#### Recorded information

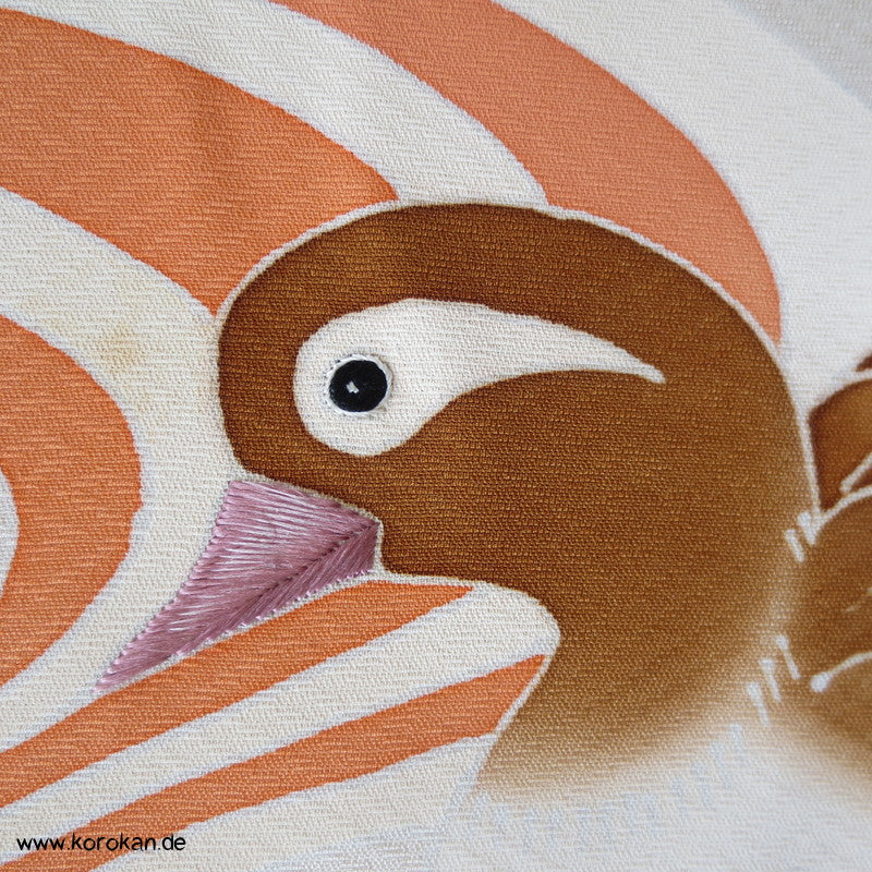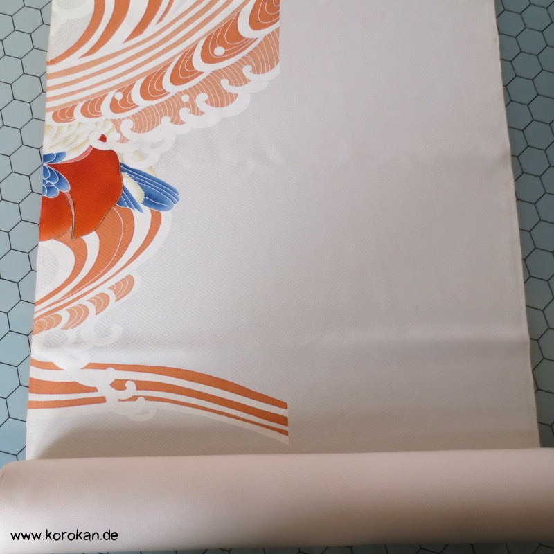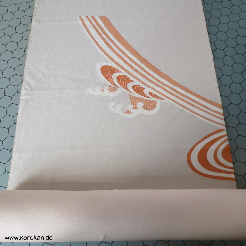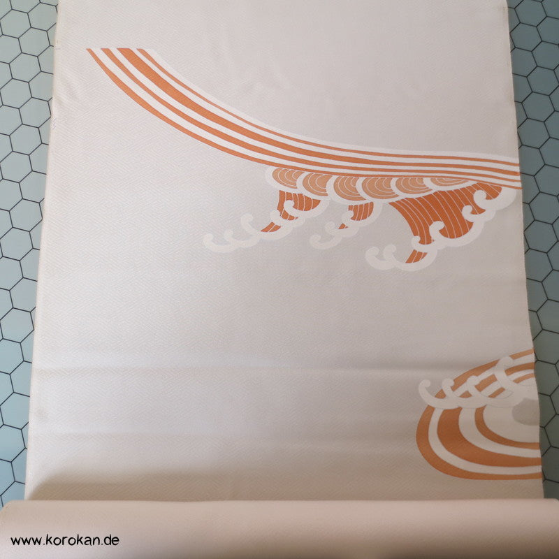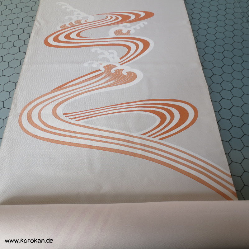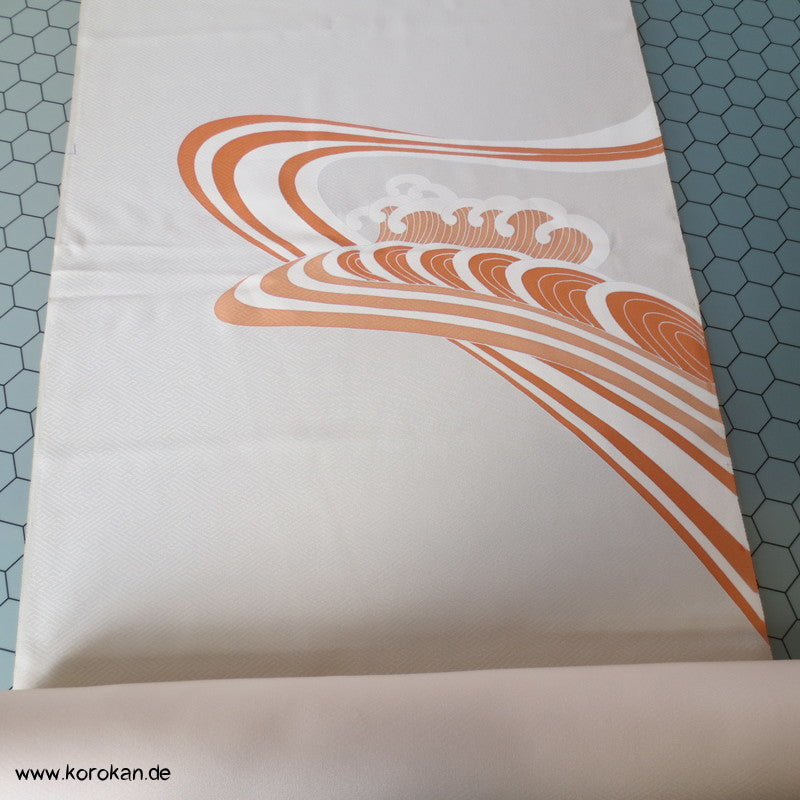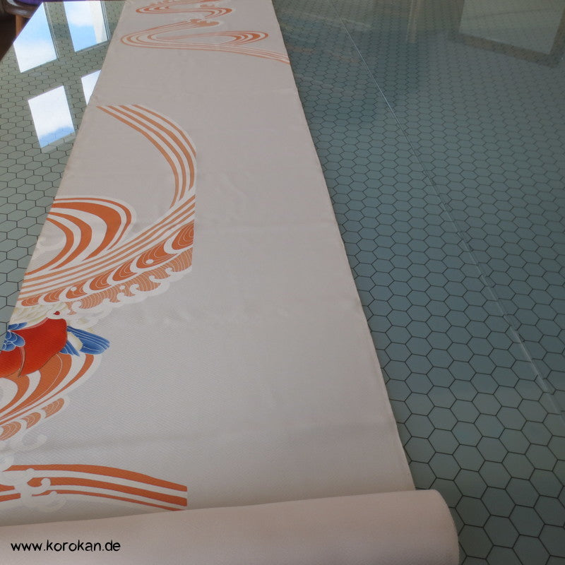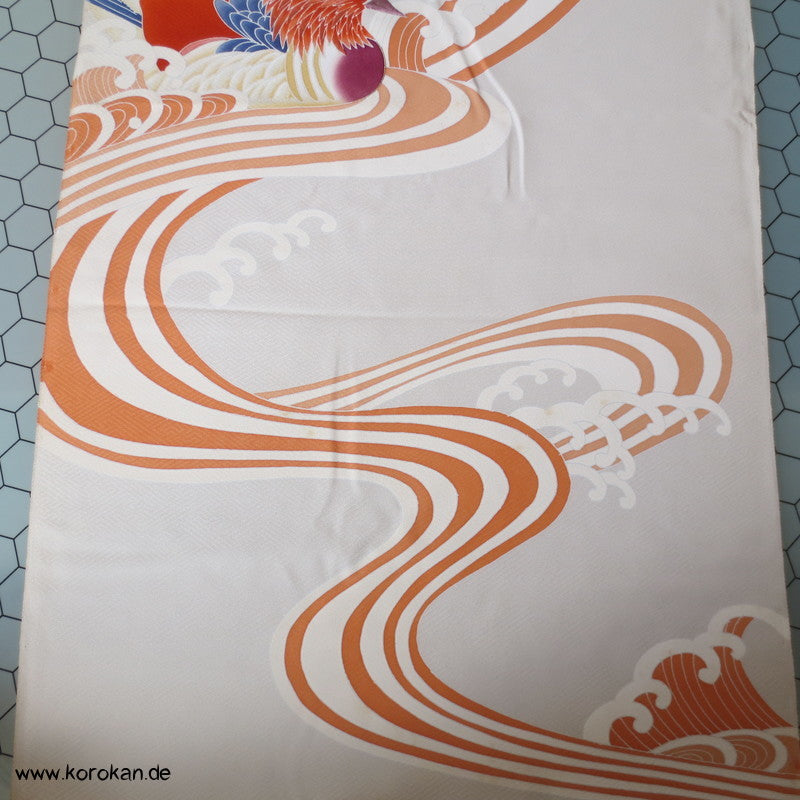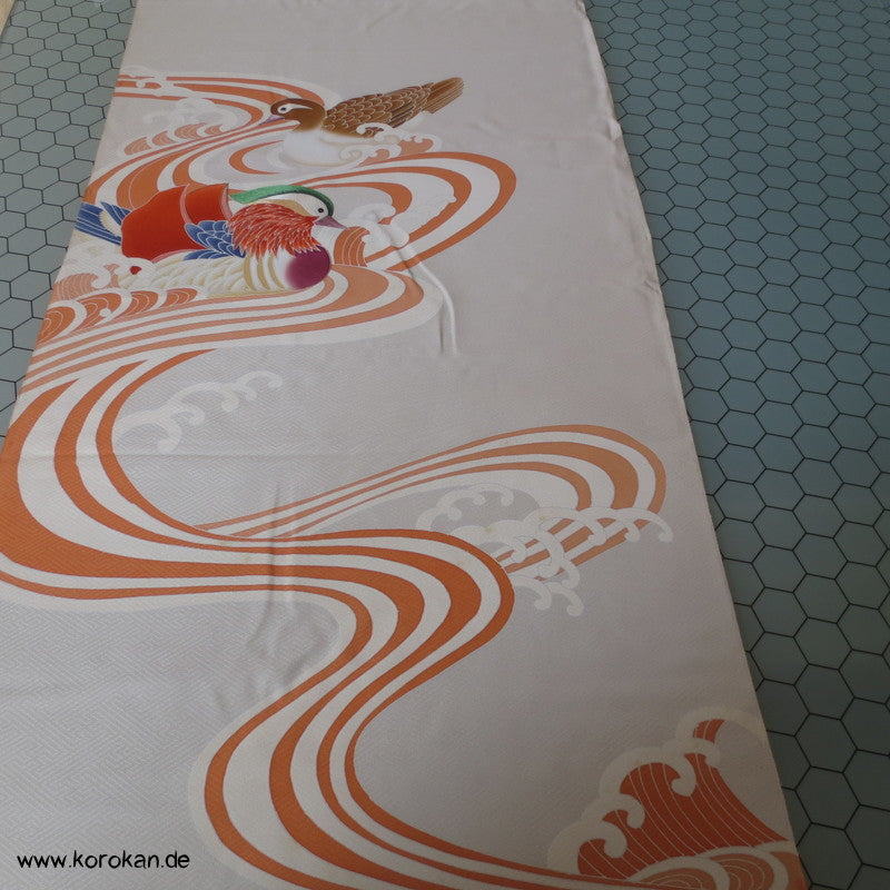 Vintage unbenutzter japanischer Stoffballen dicke Damast Seide mit einem kaum sichtbaren Sayagata Muster, bemalt mit Wellen und einem Mandarinentenpaar, teilbestickt für einen ganzen Homongi Kimono. Das Muster ist unregelmäßig im Stoff verteilt und wird erst durch das genaue Zusammensetzen der Bahnen ein ganzes Bild.
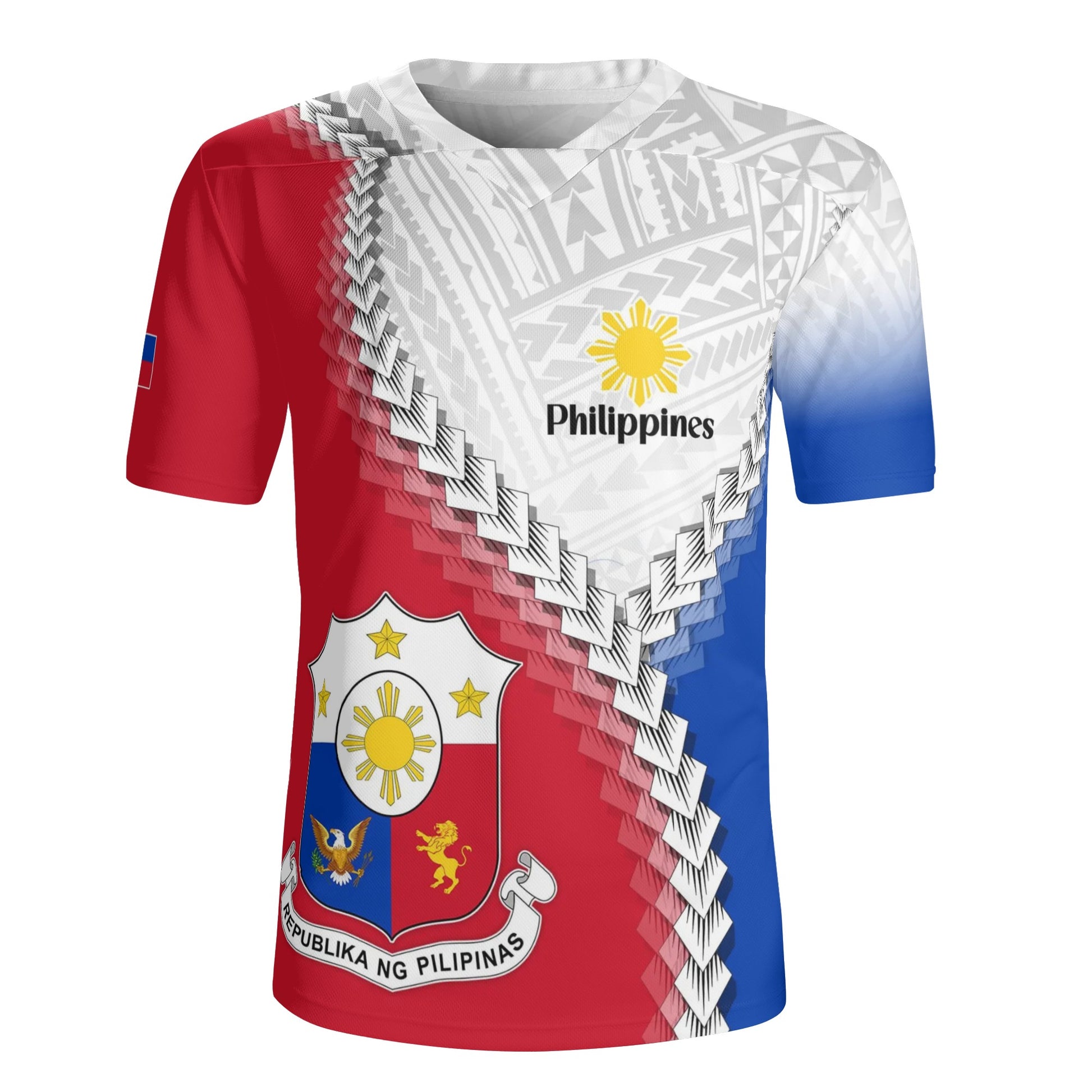Philippines Filipinos Rugby Jersey Custom Filipino Coat Of Arms With Tribal Patterns Flag Style
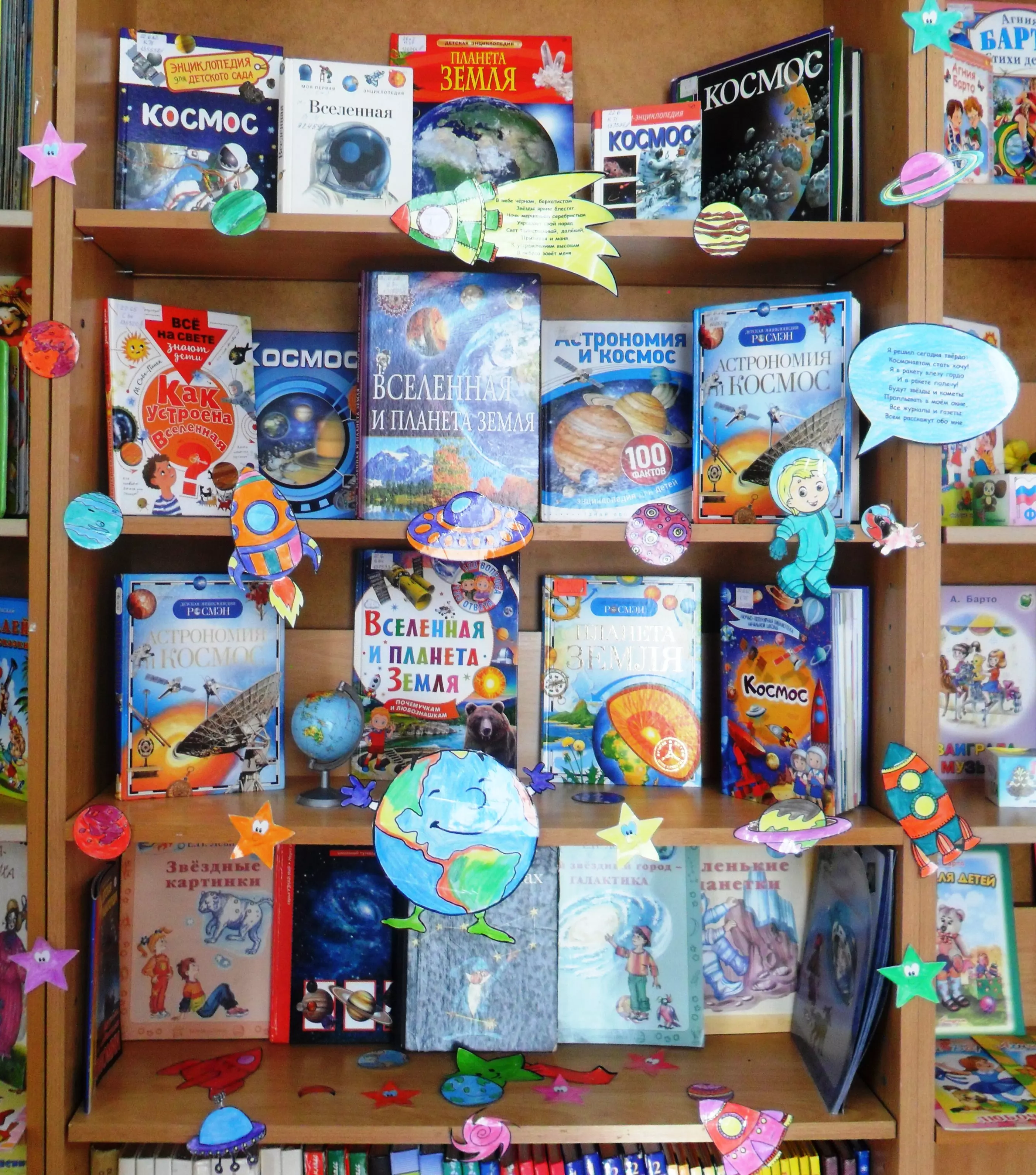 Созданию космической атмосферы библиотеки способствовало оригинальное оформление: была организована фотозона «Космические путешественники», в которой все желающие могли сфотографироваться. Украсили «Библиосумерки» выставки «Звездные дороги Космоса» и «Путешествие к звездам» с книгами о космонавтах и космических кораблях, картами звездного неба, энциклопедиями по астрономии для самых маленьких.
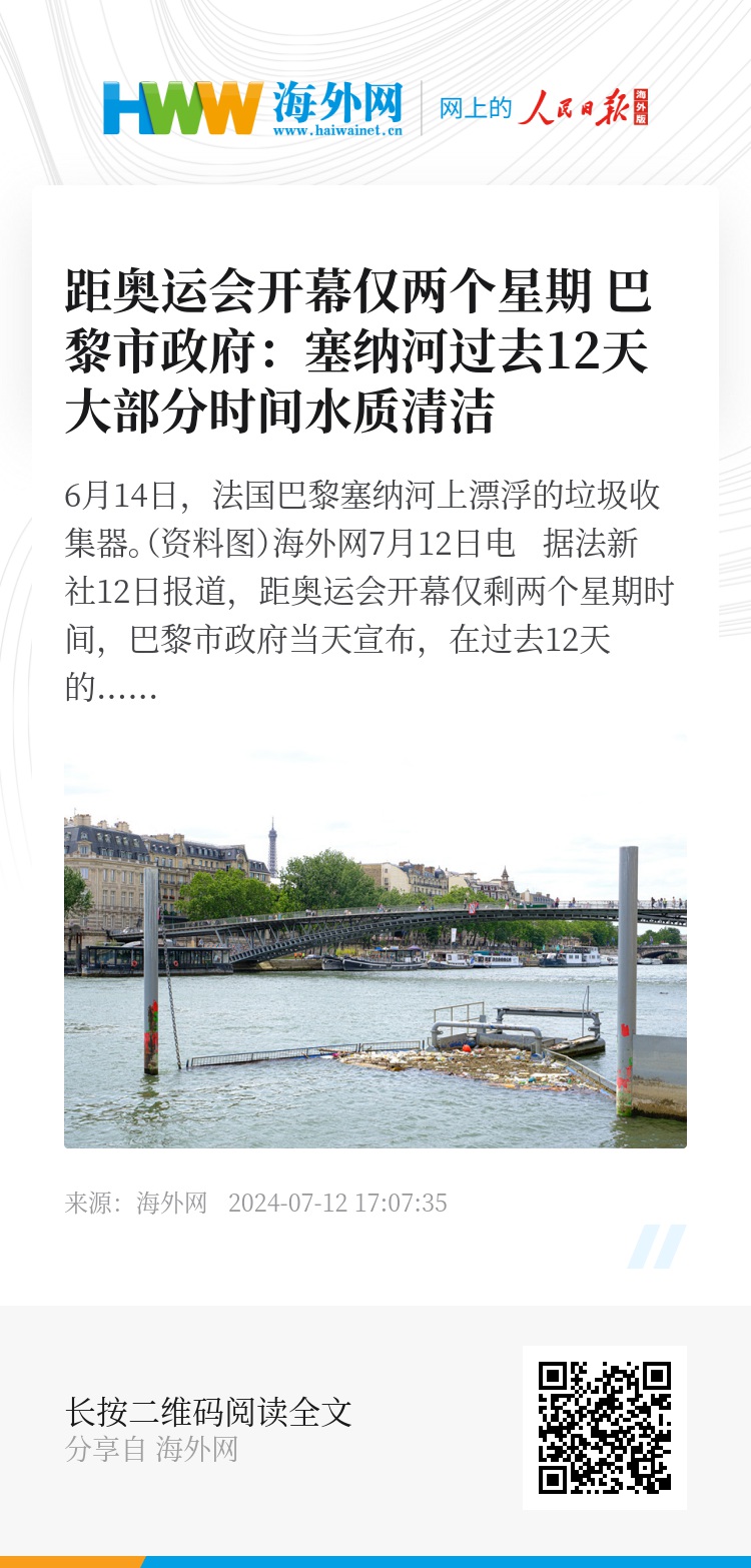 海外网7月12日电 据法新社12日报道,距奥运会开幕仅剩两个星期时间,巴黎市政府当天宣布,在过去12天的大部分时间里,塞纳河水质清洁,可以游泳。

########

Task instructions =
Type out the data above once more, exactly, with no images included.

Output of the task =
 Vintage unbenutzter japanischer Stoffballen dicke Damast Seide mit einem kaum sichtbaren Sayagata Muster, bemalt mit Wellen und einem Mandarinentenpaar, teilbestickt für einen ganzen Homongi Kimono. Das Muster ist unregelmäßig im Stoff verteilt und wird erst durch das genaue Zusammensetzen der Bahnen ein ganzes Bild.
Philippines Filipinos Rugby Jersey Custom Filipino Coat Of Arms With Tribal Patterns Flag Style
 Созданию космической атмосферы библиотеки способствовало оригинальное оформление: была организована фотозона «Космические путешественники», в которой все желающие могли сфотографироваться. Украсили «Библиосумерки» выставки «Звездные дороги Космоса» и «Путешествие к звездам» с книгами о космонавтах и космических кораблях, картами звездного неба, энциклопедиями по астрономии для самых маленьких.
 海外网7月12日电 据法新社12日报道,距奥运会开幕仅剩两个星期时间,巴黎市政府当天宣布,在过去12天的大部分时间里,塞纳河水质清洁,可以游泳。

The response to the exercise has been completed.